» WHAT YOU WILL DO: From the records below, please repeat exactly the line that has "Let’s create our", the line that has "Вспышка Godox AD360II-N", and every line between them, and nothing else.

(Dataset items)
##########

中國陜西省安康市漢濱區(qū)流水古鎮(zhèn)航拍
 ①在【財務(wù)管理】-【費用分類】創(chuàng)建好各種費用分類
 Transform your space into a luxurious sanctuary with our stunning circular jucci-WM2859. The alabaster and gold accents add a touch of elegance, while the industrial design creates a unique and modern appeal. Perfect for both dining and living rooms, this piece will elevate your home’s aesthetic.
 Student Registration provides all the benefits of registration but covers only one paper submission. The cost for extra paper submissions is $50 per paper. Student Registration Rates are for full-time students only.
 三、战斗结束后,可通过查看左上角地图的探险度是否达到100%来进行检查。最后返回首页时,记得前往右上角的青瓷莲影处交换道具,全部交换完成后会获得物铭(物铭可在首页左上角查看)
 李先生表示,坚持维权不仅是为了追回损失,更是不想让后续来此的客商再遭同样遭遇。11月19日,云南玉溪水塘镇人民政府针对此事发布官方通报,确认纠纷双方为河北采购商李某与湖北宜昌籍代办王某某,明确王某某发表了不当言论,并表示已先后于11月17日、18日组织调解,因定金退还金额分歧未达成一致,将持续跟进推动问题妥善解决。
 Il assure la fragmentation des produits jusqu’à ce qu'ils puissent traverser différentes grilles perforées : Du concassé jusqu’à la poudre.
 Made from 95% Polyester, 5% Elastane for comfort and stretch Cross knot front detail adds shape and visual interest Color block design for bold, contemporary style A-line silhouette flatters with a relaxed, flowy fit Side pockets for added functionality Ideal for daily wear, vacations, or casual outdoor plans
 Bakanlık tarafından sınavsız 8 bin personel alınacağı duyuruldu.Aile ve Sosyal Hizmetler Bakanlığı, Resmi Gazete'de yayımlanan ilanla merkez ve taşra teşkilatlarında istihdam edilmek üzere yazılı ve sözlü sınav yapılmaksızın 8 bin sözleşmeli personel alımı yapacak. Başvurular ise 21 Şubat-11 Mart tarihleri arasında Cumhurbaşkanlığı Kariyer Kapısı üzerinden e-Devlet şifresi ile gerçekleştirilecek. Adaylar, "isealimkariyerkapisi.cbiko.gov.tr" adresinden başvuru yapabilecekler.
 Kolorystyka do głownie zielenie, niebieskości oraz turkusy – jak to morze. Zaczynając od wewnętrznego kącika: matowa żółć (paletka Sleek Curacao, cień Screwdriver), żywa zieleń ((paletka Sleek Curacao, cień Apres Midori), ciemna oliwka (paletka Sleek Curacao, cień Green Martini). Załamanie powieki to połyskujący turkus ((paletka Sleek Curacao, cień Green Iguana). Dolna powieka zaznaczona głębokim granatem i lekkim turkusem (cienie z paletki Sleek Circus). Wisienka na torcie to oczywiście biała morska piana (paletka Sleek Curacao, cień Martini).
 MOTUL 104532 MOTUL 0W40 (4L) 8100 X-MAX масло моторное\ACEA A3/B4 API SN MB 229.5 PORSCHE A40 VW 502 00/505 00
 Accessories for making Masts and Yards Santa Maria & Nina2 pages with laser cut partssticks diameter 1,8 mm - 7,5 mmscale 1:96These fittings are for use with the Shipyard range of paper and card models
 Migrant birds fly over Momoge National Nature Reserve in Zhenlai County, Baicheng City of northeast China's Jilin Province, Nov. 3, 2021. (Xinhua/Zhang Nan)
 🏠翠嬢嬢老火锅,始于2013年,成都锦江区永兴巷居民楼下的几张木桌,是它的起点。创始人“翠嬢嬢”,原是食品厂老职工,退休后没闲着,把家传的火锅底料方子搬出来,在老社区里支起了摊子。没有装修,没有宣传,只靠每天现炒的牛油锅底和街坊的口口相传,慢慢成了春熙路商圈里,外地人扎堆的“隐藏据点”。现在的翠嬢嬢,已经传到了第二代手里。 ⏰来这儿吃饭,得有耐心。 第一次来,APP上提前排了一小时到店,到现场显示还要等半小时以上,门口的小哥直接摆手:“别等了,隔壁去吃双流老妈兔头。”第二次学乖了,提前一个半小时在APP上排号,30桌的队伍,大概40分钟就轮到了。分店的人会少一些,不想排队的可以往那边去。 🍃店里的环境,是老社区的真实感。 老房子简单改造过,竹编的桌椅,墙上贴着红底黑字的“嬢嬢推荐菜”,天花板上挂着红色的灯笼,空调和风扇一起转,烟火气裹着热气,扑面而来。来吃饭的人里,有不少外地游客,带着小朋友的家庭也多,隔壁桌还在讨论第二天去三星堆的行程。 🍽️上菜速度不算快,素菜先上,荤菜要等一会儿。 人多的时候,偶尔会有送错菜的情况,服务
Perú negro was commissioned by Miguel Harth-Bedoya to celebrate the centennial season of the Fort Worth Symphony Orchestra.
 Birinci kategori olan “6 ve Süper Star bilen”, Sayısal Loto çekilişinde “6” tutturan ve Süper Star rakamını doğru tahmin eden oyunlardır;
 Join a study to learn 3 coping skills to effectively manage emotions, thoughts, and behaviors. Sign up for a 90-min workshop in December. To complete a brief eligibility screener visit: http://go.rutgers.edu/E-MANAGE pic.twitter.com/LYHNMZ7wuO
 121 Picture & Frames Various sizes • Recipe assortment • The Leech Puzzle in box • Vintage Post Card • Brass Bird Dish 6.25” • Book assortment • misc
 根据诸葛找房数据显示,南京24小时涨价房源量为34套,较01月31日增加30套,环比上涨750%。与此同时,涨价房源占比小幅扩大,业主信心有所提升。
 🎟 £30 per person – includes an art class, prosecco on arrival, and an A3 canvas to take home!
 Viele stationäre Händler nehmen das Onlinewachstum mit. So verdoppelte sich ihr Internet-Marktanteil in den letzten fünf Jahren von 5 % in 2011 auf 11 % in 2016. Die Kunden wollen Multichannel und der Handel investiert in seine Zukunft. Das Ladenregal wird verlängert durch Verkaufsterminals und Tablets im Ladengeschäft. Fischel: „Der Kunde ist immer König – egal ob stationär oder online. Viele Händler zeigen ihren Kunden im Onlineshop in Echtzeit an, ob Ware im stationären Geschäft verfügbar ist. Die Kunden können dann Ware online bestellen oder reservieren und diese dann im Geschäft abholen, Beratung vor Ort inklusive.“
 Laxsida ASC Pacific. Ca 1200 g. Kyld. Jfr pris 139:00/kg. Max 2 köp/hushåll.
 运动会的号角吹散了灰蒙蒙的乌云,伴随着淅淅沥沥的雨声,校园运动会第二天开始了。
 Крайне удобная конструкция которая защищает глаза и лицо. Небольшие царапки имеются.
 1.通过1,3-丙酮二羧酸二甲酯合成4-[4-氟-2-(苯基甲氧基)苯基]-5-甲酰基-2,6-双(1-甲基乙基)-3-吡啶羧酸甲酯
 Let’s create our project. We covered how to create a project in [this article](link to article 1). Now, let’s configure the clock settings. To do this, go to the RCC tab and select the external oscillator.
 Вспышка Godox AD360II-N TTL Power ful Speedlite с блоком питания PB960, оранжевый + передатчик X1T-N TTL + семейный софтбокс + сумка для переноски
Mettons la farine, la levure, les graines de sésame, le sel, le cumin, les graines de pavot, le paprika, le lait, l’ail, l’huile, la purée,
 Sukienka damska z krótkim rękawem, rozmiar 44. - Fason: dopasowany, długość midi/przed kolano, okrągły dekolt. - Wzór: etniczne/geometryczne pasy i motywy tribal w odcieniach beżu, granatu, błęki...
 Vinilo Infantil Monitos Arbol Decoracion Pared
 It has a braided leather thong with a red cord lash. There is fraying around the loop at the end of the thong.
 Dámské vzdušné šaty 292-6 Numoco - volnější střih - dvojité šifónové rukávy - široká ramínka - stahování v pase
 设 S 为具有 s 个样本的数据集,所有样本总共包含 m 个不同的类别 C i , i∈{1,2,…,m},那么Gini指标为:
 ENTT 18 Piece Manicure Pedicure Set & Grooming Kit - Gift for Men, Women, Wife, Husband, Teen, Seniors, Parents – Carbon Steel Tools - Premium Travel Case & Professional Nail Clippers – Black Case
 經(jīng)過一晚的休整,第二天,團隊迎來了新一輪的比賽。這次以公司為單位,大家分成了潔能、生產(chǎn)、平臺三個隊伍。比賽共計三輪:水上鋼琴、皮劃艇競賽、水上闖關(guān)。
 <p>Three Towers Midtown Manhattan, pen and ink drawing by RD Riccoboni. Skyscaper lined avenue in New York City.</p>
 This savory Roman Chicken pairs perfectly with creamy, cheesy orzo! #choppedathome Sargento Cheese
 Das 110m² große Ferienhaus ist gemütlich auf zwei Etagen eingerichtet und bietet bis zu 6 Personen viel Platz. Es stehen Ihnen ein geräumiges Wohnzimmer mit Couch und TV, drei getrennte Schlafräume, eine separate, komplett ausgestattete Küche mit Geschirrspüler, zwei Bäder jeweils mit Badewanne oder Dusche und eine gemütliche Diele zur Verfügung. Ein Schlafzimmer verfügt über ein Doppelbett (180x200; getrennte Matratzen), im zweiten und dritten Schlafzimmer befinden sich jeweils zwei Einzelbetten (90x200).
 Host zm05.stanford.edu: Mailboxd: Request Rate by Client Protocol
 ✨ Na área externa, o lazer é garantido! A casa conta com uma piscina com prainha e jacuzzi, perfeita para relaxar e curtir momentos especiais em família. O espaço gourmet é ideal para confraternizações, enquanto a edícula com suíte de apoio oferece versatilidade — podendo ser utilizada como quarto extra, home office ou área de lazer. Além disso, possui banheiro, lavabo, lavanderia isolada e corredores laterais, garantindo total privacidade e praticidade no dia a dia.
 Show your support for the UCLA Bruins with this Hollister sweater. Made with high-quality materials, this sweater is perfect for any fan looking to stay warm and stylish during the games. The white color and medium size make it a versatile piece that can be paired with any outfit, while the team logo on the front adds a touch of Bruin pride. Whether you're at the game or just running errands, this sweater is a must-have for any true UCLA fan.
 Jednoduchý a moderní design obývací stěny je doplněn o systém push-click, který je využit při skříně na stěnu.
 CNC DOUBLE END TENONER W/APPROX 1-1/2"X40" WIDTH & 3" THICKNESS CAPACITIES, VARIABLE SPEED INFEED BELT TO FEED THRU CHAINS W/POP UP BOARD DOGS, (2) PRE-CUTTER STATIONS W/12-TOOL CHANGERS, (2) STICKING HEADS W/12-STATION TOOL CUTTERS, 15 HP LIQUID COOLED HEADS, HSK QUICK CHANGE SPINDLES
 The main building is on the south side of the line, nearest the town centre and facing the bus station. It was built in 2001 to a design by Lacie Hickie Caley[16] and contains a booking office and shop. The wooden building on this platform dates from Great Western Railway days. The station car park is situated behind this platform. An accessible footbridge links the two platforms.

##########

» REPLY TO THE EXERCISE:
 Let’s create our project. We covered how to create a project in [this article](link to article 1). Now, let’s configure the clock settings. To do this, go to the RCC tab and select the external oscillator.
 Вспышка Godox AD360II-N TTL Power ful Speedlite с блоком питания PB960, оранжевый + передатчик X1T-N TTL + семейный софтбокс + сумка для переноски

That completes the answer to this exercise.